— GIVEN DATA —
-*-

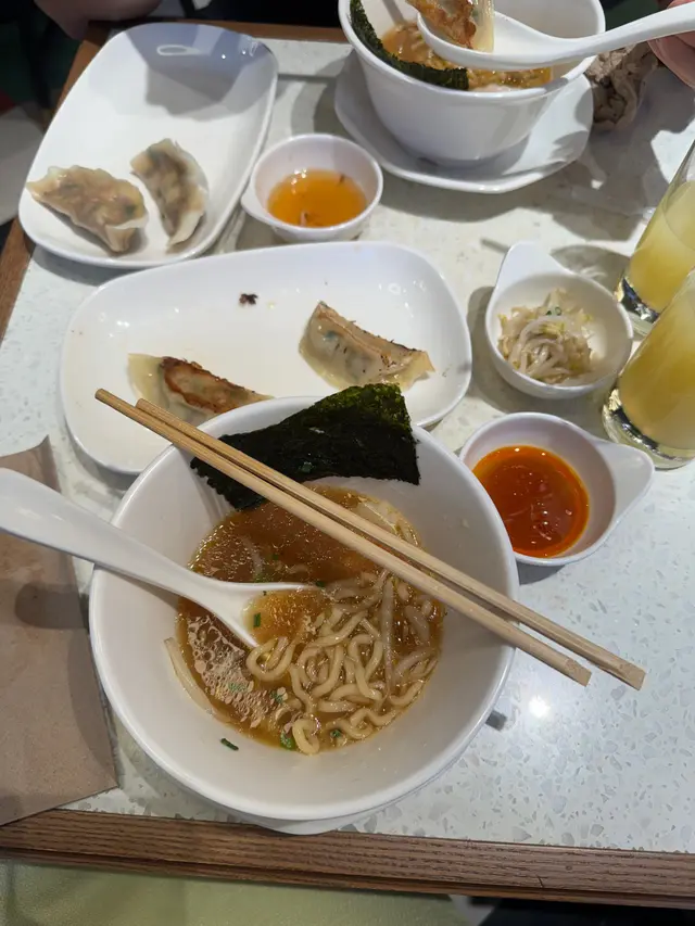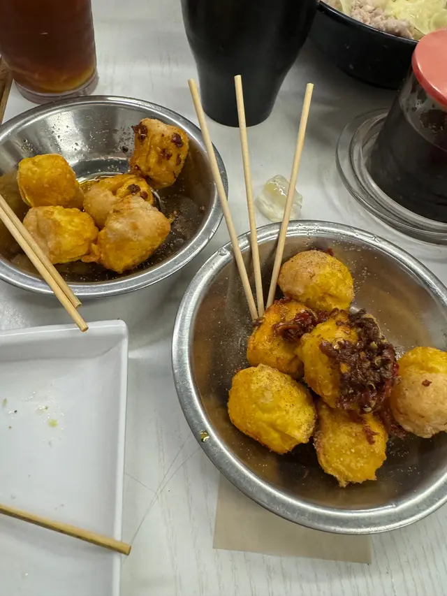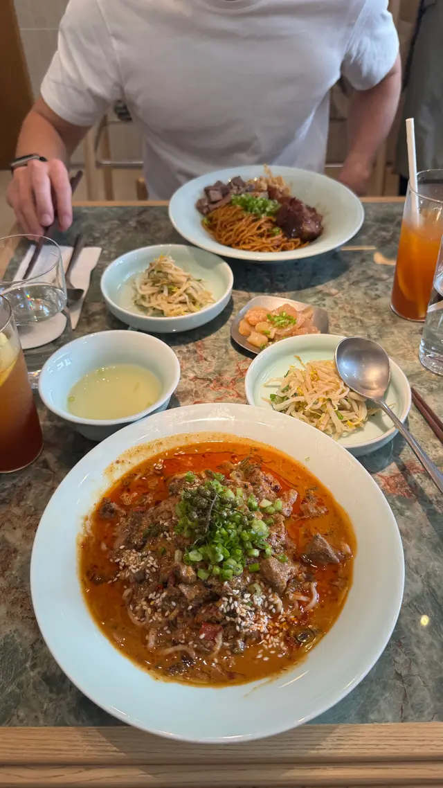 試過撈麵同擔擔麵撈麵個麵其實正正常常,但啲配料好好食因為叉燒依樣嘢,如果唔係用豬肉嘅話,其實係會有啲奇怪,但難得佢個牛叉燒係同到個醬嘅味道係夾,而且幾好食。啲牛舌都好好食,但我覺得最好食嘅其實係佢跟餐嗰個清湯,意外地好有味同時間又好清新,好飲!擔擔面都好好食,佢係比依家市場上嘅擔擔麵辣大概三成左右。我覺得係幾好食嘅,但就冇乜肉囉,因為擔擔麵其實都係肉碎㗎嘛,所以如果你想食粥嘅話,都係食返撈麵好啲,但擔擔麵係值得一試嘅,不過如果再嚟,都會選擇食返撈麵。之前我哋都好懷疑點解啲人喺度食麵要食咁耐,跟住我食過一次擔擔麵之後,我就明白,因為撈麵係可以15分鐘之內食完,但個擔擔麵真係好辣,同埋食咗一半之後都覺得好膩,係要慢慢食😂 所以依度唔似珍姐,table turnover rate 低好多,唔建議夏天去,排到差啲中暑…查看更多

-*-

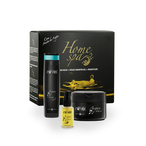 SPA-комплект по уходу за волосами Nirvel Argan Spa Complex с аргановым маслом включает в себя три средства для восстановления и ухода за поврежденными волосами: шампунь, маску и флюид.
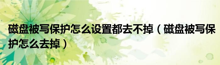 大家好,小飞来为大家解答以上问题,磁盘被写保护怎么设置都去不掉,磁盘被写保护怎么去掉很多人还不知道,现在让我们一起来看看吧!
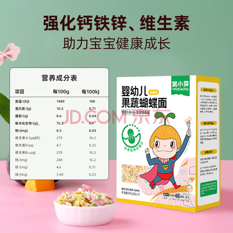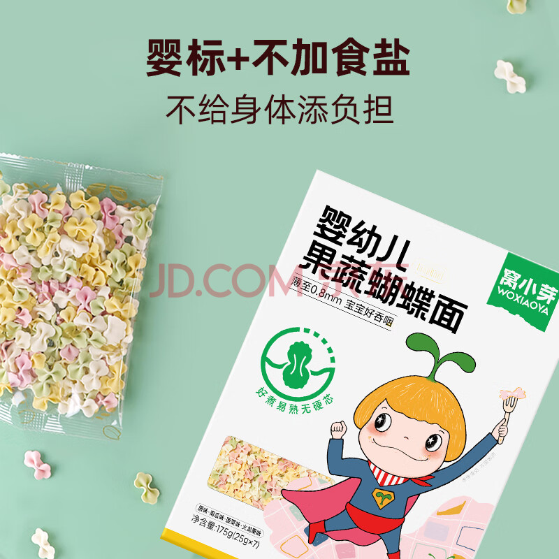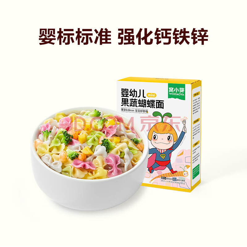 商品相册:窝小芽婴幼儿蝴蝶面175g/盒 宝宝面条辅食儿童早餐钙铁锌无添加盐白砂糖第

-*-

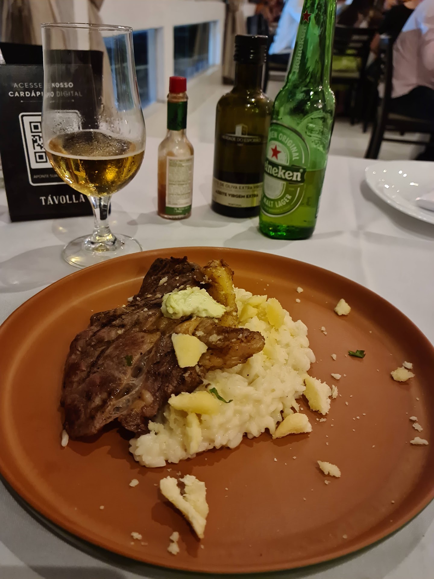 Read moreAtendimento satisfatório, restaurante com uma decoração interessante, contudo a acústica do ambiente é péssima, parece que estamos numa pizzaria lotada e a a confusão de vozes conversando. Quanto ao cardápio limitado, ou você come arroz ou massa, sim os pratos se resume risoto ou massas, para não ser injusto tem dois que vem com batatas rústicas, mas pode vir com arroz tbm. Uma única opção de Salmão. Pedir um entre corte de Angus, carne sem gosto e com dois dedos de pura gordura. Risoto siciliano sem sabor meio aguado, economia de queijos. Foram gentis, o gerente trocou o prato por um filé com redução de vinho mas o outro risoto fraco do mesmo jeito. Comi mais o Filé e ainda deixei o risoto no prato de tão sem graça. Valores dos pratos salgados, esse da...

-*-

— WORK ITEM —
In the listing above, the required lines run from the line with "大家好,小飞来为大家解答以上" through the line with "商品相册:窝小芽婴幼儿蝴蝶面". Output exactly those lines, omitting pictures.

— RESPONSE BOX —
 大家好,小飞来为大家解答以上问题,磁盘被写保护怎么设置都去不掉,磁盘被写保护怎么去掉很多人还不知道,现在让我们一起来看看吧!
 商品相册:窝小芽婴幼儿蝴蝶面175g/盒 宝宝面条辅食儿童早餐钙铁锌无添加盐白砂糖第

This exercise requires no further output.